(Input material Opens)
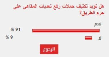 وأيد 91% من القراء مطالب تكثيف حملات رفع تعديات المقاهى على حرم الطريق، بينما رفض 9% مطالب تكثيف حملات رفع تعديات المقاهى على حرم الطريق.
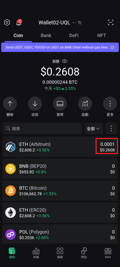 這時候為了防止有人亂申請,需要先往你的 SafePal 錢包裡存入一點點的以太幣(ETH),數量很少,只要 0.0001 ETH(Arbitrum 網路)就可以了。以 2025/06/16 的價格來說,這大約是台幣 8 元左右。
(Input material Closes)
(Input material Opens)
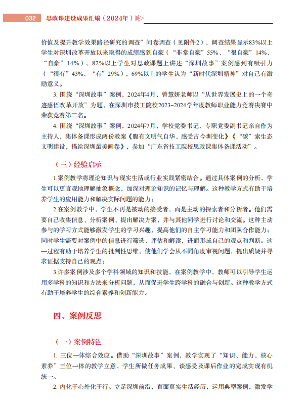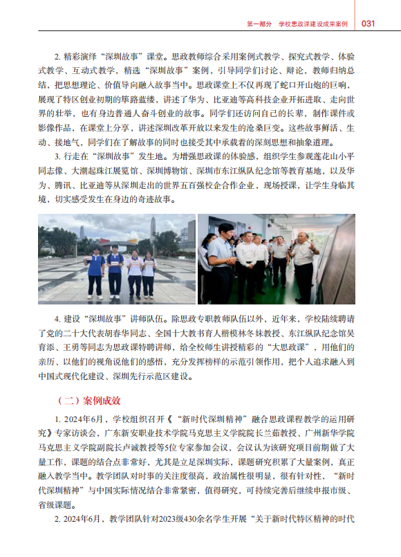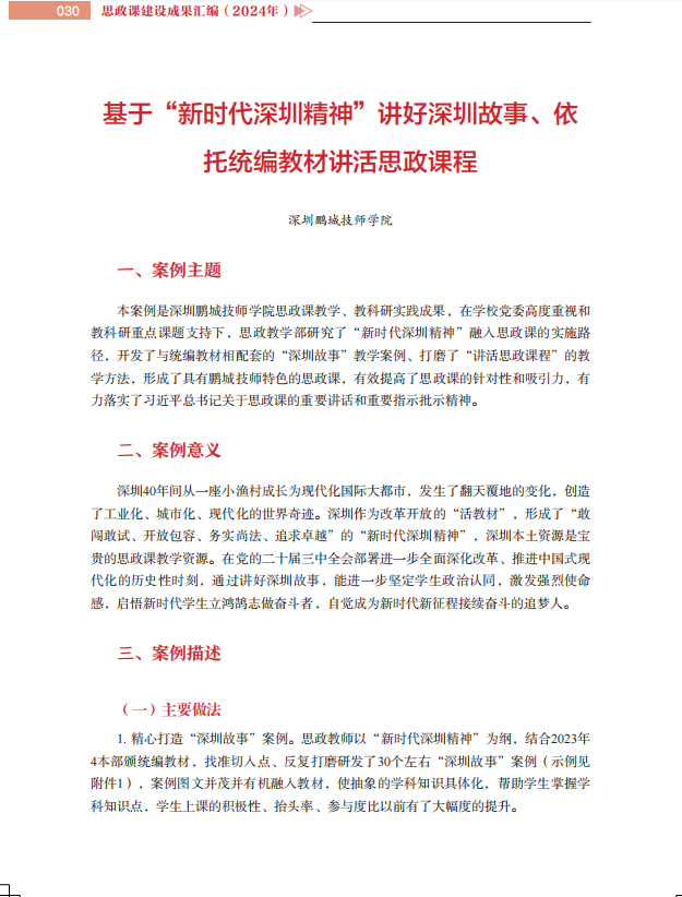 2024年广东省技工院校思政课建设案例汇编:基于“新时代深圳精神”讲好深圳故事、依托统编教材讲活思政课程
(Input material Closes)
(Input material Opens)
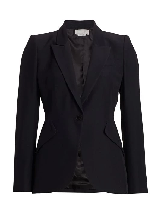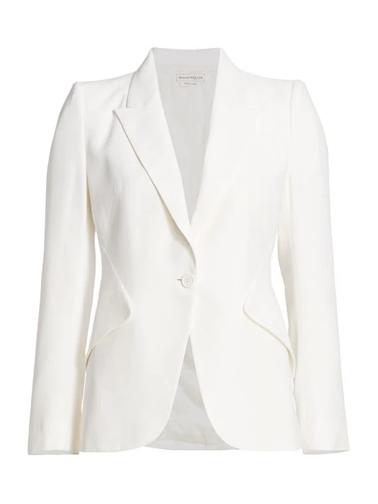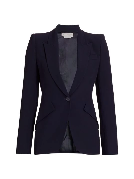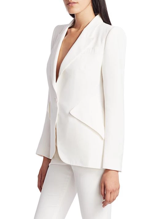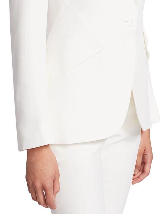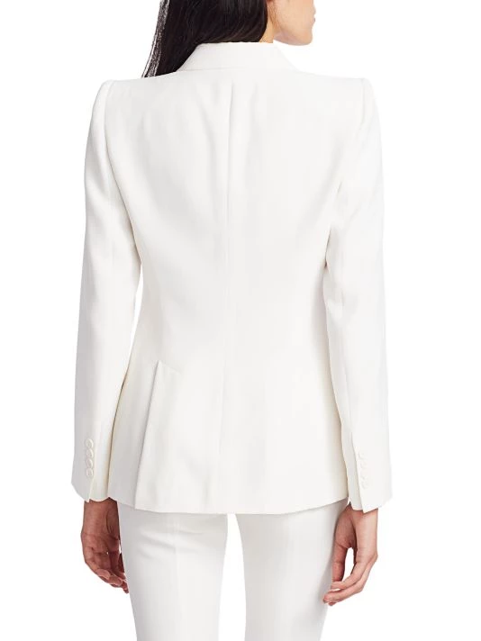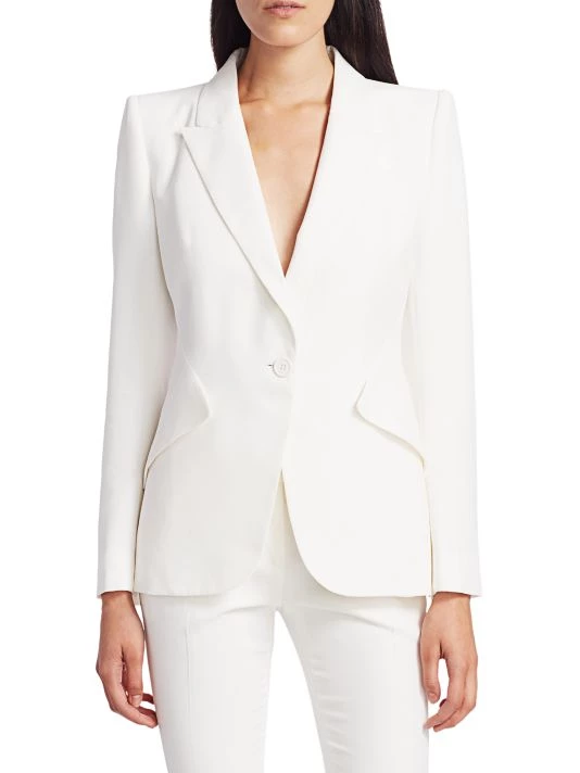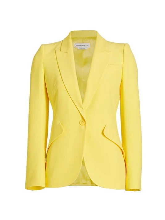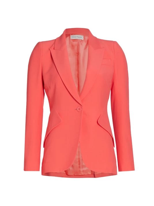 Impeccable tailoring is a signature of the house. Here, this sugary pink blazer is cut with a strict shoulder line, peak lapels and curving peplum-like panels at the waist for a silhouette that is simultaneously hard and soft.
(Input material Closes)
Go back to the listing above and reproduce, exactly, the stretch from the line bearing "وأيد 91% من" through the line bearing "這時候為了防止有人亂申請,需要先往你的 SafePal 錢包裡存入一點點的以太幣(ETH),數量很少,只要", without its pictures.

### Answer for this exercise
 وأيد 91% من القراء مطالب تكثيف حملات رفع تعديات المقاهى على حرم الطريق، بينما رفض 9% مطالب تكثيف حملات رفع تعديات المقاهى على حرم الطريق.
 這時候為了防止有人亂申請,需要先往你的 SafePal 錢包裡存入一點點的以太幣(ETH),數量很少,只要 0.0001 ETH(Arbitrum 網路)就可以了。以 2025/06/16 的價格來說,這大約是台幣 8 元左右。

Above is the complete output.